- Movie poster for Shadow Company
- Directed by: Nick Bicanic; Jason Bourque;
- Written by: Nick Bicanic; Jason Bourque;
- Produced by: Nick Bicanic; Remy Kozak; Andrew Wanliss-Orlebar;
- Starring: Robert Young Pelton; P. W. Singer;
- Cinematography: Jarred Land
- Edited by: Les Lukacs
- Music by: Andrew Wanliss-Orlebar
- Distributed by: Purpose Films
- Release date: August 23, 2006;
- Running time: 86 min.
- Country: Canada
- Language: English

= Shadow Company =

Shadow Company is a documentary directed by Nick Bicanic and Jason Bourque and narrated by Gerard Butler. It is an introduction to the mercenary and private military company industry, concentrating on the role the industry has been playing in recent conflicts. It was released on DVD in August 2006.

== Content ==

The documentary film is not presented with a complete voice narrative nor a linear story-telling structure. Instead, most of the documentary deals with the issues presented in a topical fashion. There are three primary methods that the filmmakers use to organize and present information. The first is through the personal account of a security contractor named James Ashcroft, the second is to pose questions and directly answer them, and the third method is to utilize small case studies. The film contains footage of mercenary and private military soldiers training in Iraq. Director Nick Bicanic was invited to a Senate Committee Hearing to testify on the subject of mercenaries/private military contractors on September 21, 2007.

=== Letters from James ===

At certain intervals in the documentary, the audience is read different letter excerpts from a security contractor named James Ashcroft (voiced by Gerard Butler). The letter scenes explain the details of James's work and life in Iraq and a small amount of his personal history. Much of the comedy from the documentary is displayed in these scenes. In addition, the letters serve as an opener and a closer for the interview portions of the documentary.

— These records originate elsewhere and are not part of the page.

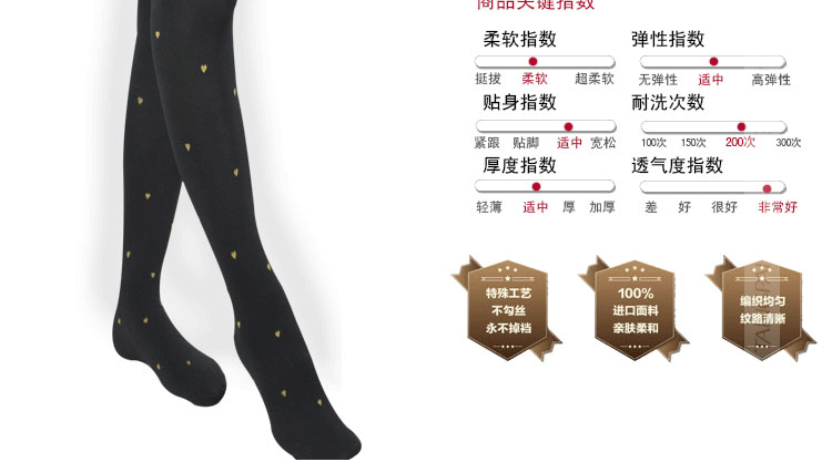 TANGPAI唐派遵循简约、环保、舒适的设计理念,全新推出性感高弹连裤袜,其原料采用比发丝还轻柔的高科技超细纤维全弹性丝织造,质感绵密细致,触感细滑如丝,视觉高雅,耐用耐磨程度高;独特的花型设计,完美体现出您优雅性感的气质!
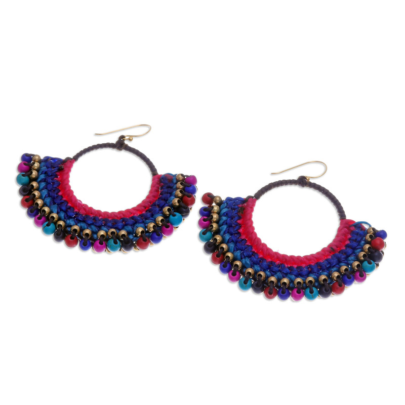 Awake to the light and style of a captivating creation made to enhance your oneiric spirit. Thailand's Tiraphan Hasub works with traditional macrame techniques and waxed polyester cords to create these dangle earrings, equipped with gold-plated hooks and vibrant magnesite beads as a symbol of creativity. The handwoven pieces—crowned with brass accents—also feature a palette of fuchsia and blue hues, evoking the colours of a serene dream.
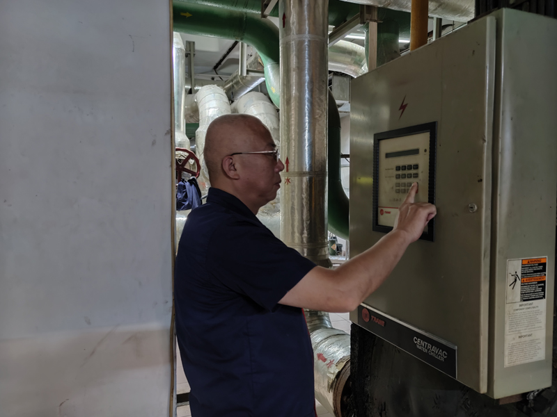國慶期間,持續(xù)高溫。10月4日,物業(yè)工程部員工衛(wèi)民早早來到崗位上,認真做好一應(yīng)營業(yè)準備工作,準時啟動空調(diào)1號主機。(文/圖 尚廣寒)

One scene displays a quick montage of James’s life up to Iraq. The viewer finds out James Ashcroft was a graduate of the University of Oxford. Sometime after graduation, he joined the British military and performed bodyguard work in Milan and Paris later on. When the audience listens to his first letter, they find out that he quit his last job at a law firm before heading to Iraq.

His new line of work in Iraq involves being a security contractor for a reputable private military company. He says he is on a ‘six on three off rotation’, which means he works for six weeks, before getting three weeks of off time, and the letters are written in the six-week time frame. Also, he mentions working out of a villa in the Green Zone, the area where the Coalition Provisional Authority resides.

Ashcroft shares how his firm procures weapons like AK-47s and PKMs from the Sadr City bazaar, and how the US military or his firm deals with insurgents. James Ashcroft's autobiography, Making A Killing, written with the ghostwriter Clifford Thurlow was published by Virgin in the UK in 2006 and the US in 2007.

Part of the proceeds of the DVD sales go to the Cape Community Elementary School in Freetown, Sierra Leone.

== Interviewees ==
Listed in the press release are:

- P. W. Singer, senior analyst of the Brookings Institution
- Alan W. Bell, former British Armed Forces member and president of Globe Risk International, a private security consulting company.
- Robert Young Pelton, author and adventurer
- Madelaine Drohan, author and journalist
- Ian Church, adventurer
- Phil Lancaster, Major (Ret.) of the Canadian Armed Forces (aide of Roméo Dallaire during UNAMIR)
- Slavko Ilic, security contractor
- Cobus Claassens, security contractor
- Neall Ellis, private military contractor
- Doug Brooks, IPOA president
- Stephen J. Cannell, producer, creator of The A-Team
- Eike-Henner W. Kluge, professor of ethics
- Frances Stonor Saunders, author and historian
- John F. Mullins, Vietnam veteran turned mercenary, he became known for serving as the protagonist and military consultant for the First-person shooter video game series Soldier of Fortune.
- Tasha Bradsell (née Larson), journalist and wife of Andy Bradsell, British Special Forces veteran killed in Iraq while working as a private security contractor for London-based company Olive Security. Tasha used to work for the Canadian television station The New VI, but with the death of her husband she retired from journalism and founded Baraka Gardens in his memory.